For those of us who do decide to have children, and for the children themselves, we need to stop outsourcing our responsibilities to institutions that primarily function to separate children from the daily lives of adults. Certainly education, recreation, friendships, and broader communities are vitally important, and the quality of parenting and thinking about how we can do right by children and parents is not about the quantity of time spent together. It’s a reckoning with the fundamental vulnerability of children and, by extension, their parents who are engaged in the pursuit of raising them. As parents, we are reliant on things going right that are almost entirely out of our control, and yet, those are the most important things in our lives.
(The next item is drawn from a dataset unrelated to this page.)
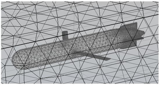 The hydrodynamic characteristics of a torpedo-shaped underwater glider are numerically investigated by CFD simulations in the present study. For a challenging problem, the physical variables change significantly around the torpedo surface. A dense mesh must be located around the torpedo surface during the actuation process to guarantee the exact solution (Figure 3). It is very necessary to track the fine mesh moving simultaneously with the torpedo body. Therefore, the arbitrary Lagrangian–Eulerian (ALE) method is used to handle this problem. On the other hand, the 3-D governing equations with the relevant boundary conditions are solved by using the finite element method (FEM) with second-order Lagrange triangular elements. The dependency of the number of elements on the numerical results is determined to guarantee the exact solution. The poor quality of mesh elements can lead to collapse and inversion of the mesh, and elements could be wrapped inside-out or have zero volume. In this torpedo model, the mesh structure generated by a 3-D tetrahedral meshing technique is proposed. The finer mesh at the fluid-solid interface of the glider is carried out to ensure the accuracy of the numerical results [43].

This lasts for decades, until our children can fledge and our vigilance can lessen, although it will not go away completely.
Legitimizing the Choices of Nonparents
For nonparents, we need to recognize the legitimacy of their choice and the opportunities that nonparents have, both to be individuals in pursuit of their happiness, goals, and meaning, and to be interconnected on their own terms. This includes playing those community roles that benefit all of us. With this fuller understanding, all members of society including nonparents could be creating an environment that is supportive of kids and parents, particularly in understanding the vulnerability and lack of control both kids and parents have. This reasoning leads to supporting policy frameworks that give children and families the greatest access to resources for holistic well-being and growth, including physical safety, relational connectedness, intellectual independence, and self-efficacy. At the same time, we need to remove policy defaults that incentivize having children and we need to provide routes for meaning and prosperity to nonparents.
In 1984, George Orwell wrote, “Nothing was your own except the few cubic centimeters inside your skull,” with the idea that one can find some solace in the privacy and the freedom of the internal life, no matter how authoritarian the external world becomes. This is not on offer once we become mothers. Leaving aside the literal changes and growth in the brain, which is a fascinating discussion on its own, a mother’s internal life always has multiple voices. Who we are has become inextricable from what we do, from the family system itself. This shift can manifest as a quiet din sometimes, or it can be very loud and very literal; it can be rich with novelty, awe, and emotional complexity, and it can enhance personal growth and self-awareness. We can pursue and achieve while our life is made better by having our children. But we must accept some truths, and sometimes in our lives those truths are visible and sitting in our living rooms, if we just take the time to look behind the artifice.